*** INFORMATION SUPPLIED

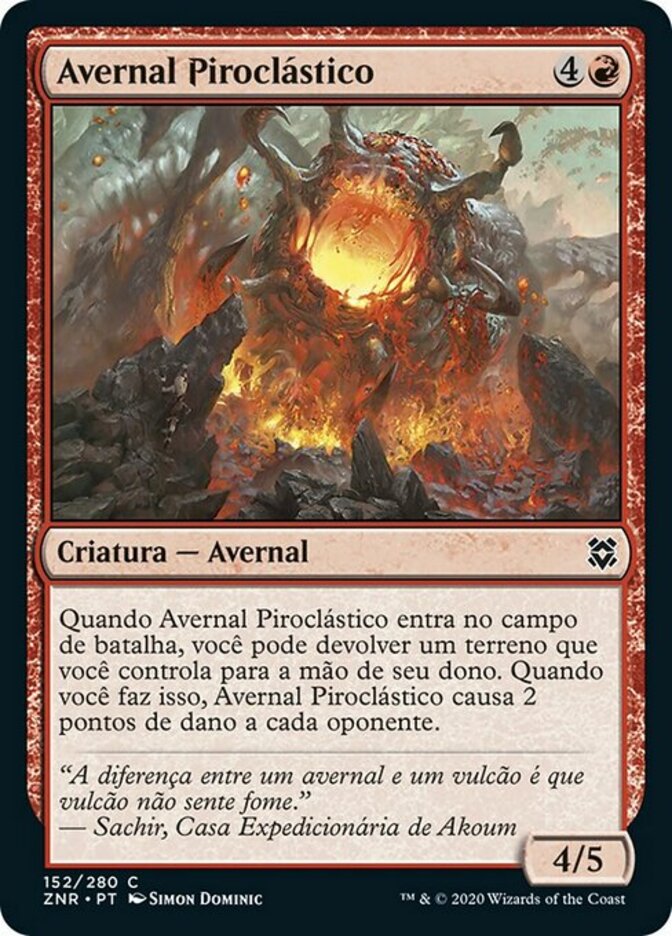 | Rules | When Pyroclastic Hellion enters the battlefield, you may return a land you control to its owner's hand. When you do, Pyroclastic Hellion deals 2 damage to each opponent. |
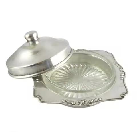 Beurrier en métal avec couvercle
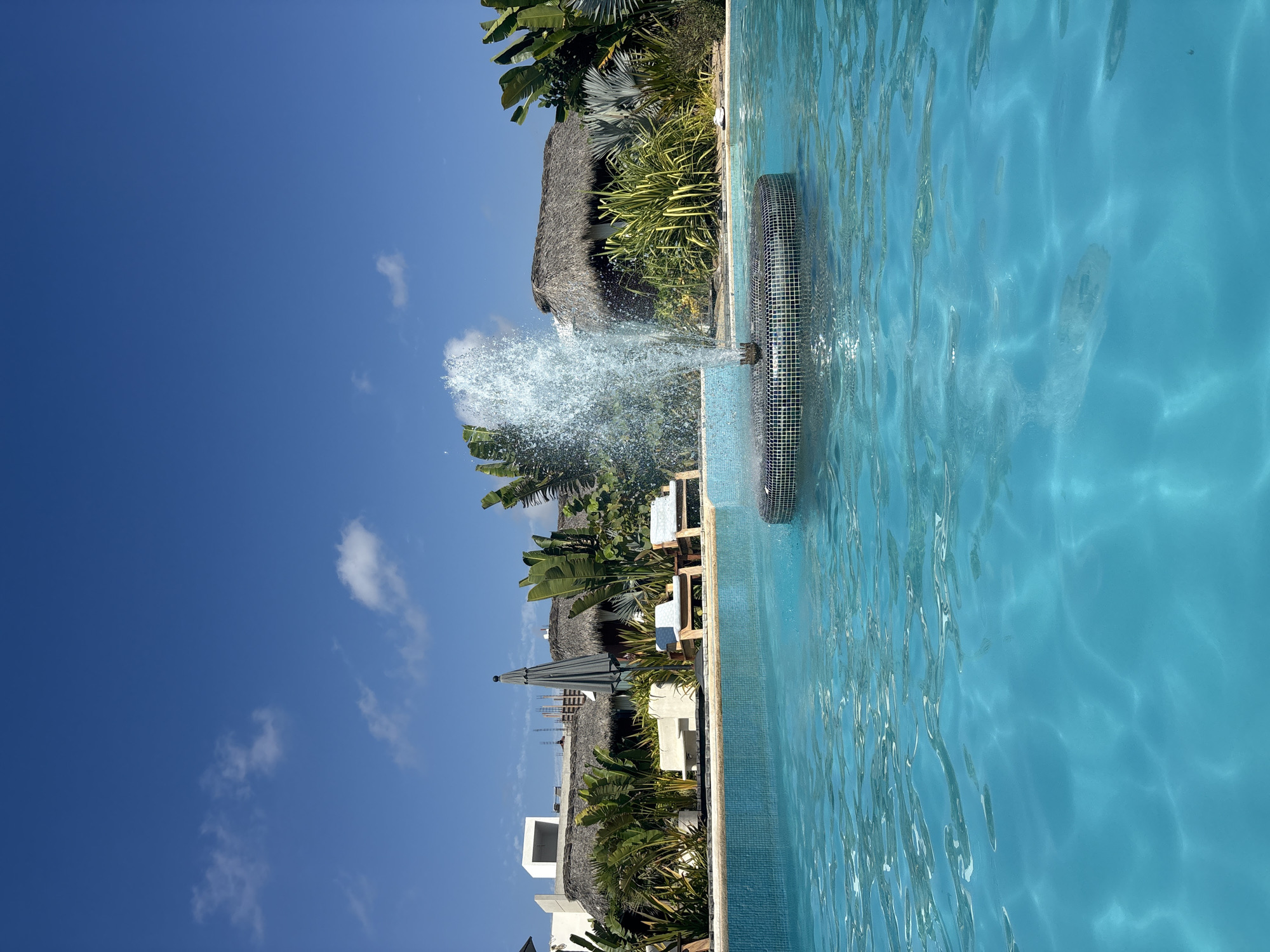 The image captures a vibrant outdoor scene next to a swimming pool in El Jícaro, Mexico. A water fountain feature is active, spraying water into the pool. The sky is clear and blue with some scattered clouds. Thatched-roof structures, possibly cabanas or buildings, are visible in the background amidst tropical vegetation, including palm trees and other greenery. Patio furniture, including lounge chairs and an umbrella, suggests a relaxation area near the pool. The pool water appears clear and turquoise, reflecting the sunlight.
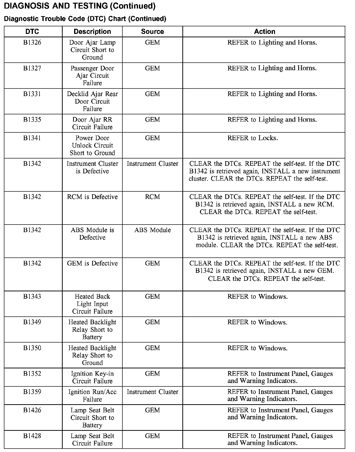 DTC Chart B1326 - B1428:
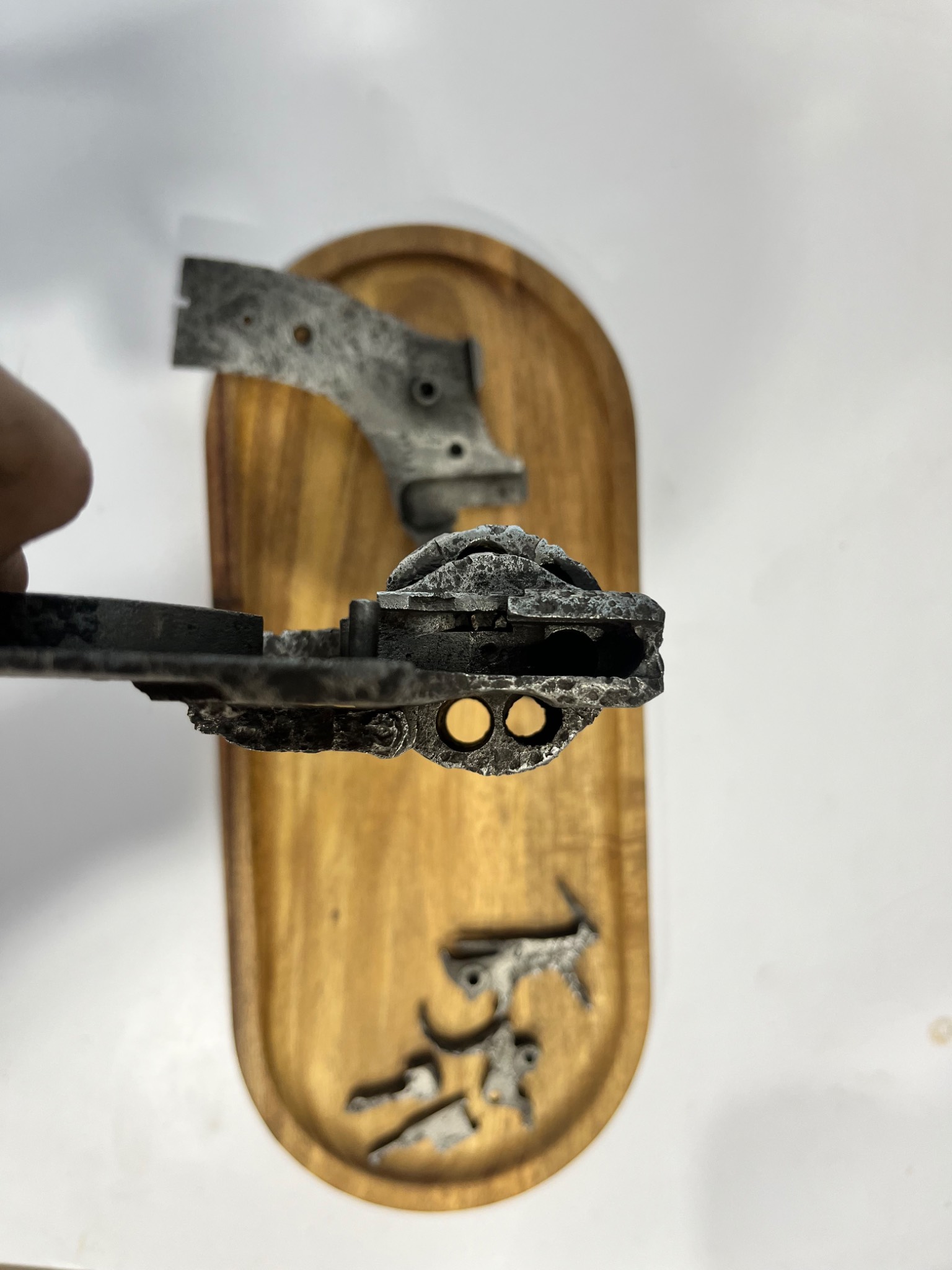 барабан крутится и сдвигается вперед( назад отпрыгивает также) но не получилось его достать, шомпол и шомпольная трубка не рабочие-это декоративный элемент, при разборке была отломана ось казеника

******

_WHAT THE TASK REQUIRES_
Would you reproduce the lines above, from the very first through the line containing "Beurrier en métal avec couvercle", exactly and without the pictures?

_ANSWER FOR THIS EXERCISE_
 | Rules | When Pyroclastic Hellion enters the battlefield, you may return a land you control to its owner's hand. When you do, Pyroclastic Hellion deals 2 damage to each opponent. |
 Beurrier en métal avec couvercle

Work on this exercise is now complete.